Tapped Out Event Walkthroughs: Superhero Sequel Freemium Characters

Special Shout Out and thanks to Safi for helping pull a few of these for me AND for reminding me to post full dialogue again.  I’ve gottten so busy since Riley was born I had forgotten to go back when events were over and post the full dialogue for those that missed it!
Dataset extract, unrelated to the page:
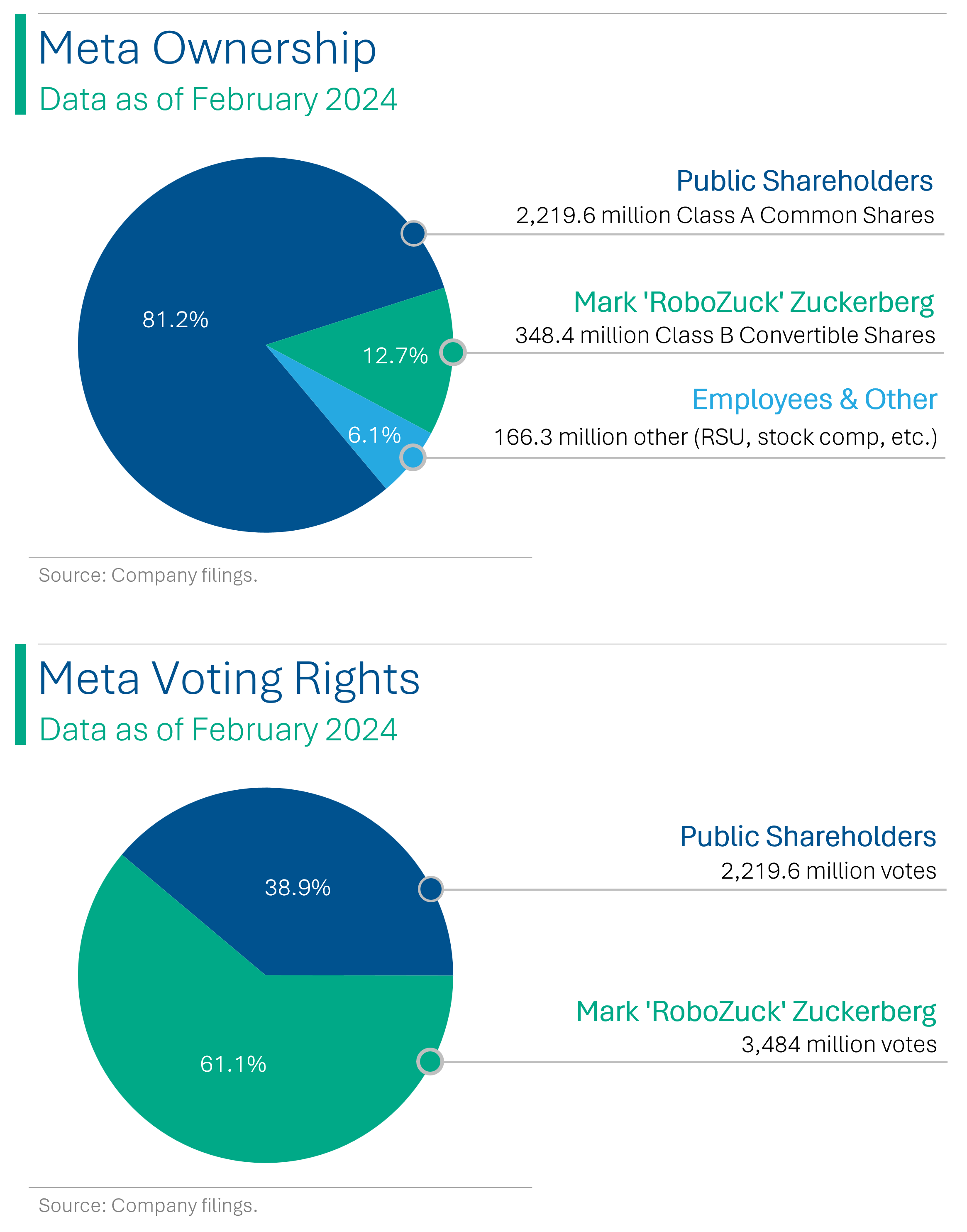 However, I don’t think that is the main reason. As you can see above, Zuckerberg has around 13% of Meta shares but because they are Class B super voting shares, they carry 10 votes per share (versus 1 vote in the Class A’s). This means that he controls about 61% of voting power at Meta - and essentially that he can do whatever he wants.

So thanks for the reminder Safi! 

Hey Howdy Hey Tappers!

The 2016 Superhero Sequel Event brought us loads of new characters and new costumes for our pre-existing characters in Springfield!

While we’ve had the Turbo Tappin’ version of each questline up for each character for a while now (check out the event page for character details), we thought now would be a fun time to take a look back at all the dialogue and jokes of the freemium characters who participated in the event and of the new costumes we earned in the event. So if you missed any of the dialogue during the event, or you’re just curious what one of the characters had to say that you didn’t unlock…we’ve got it all here for you!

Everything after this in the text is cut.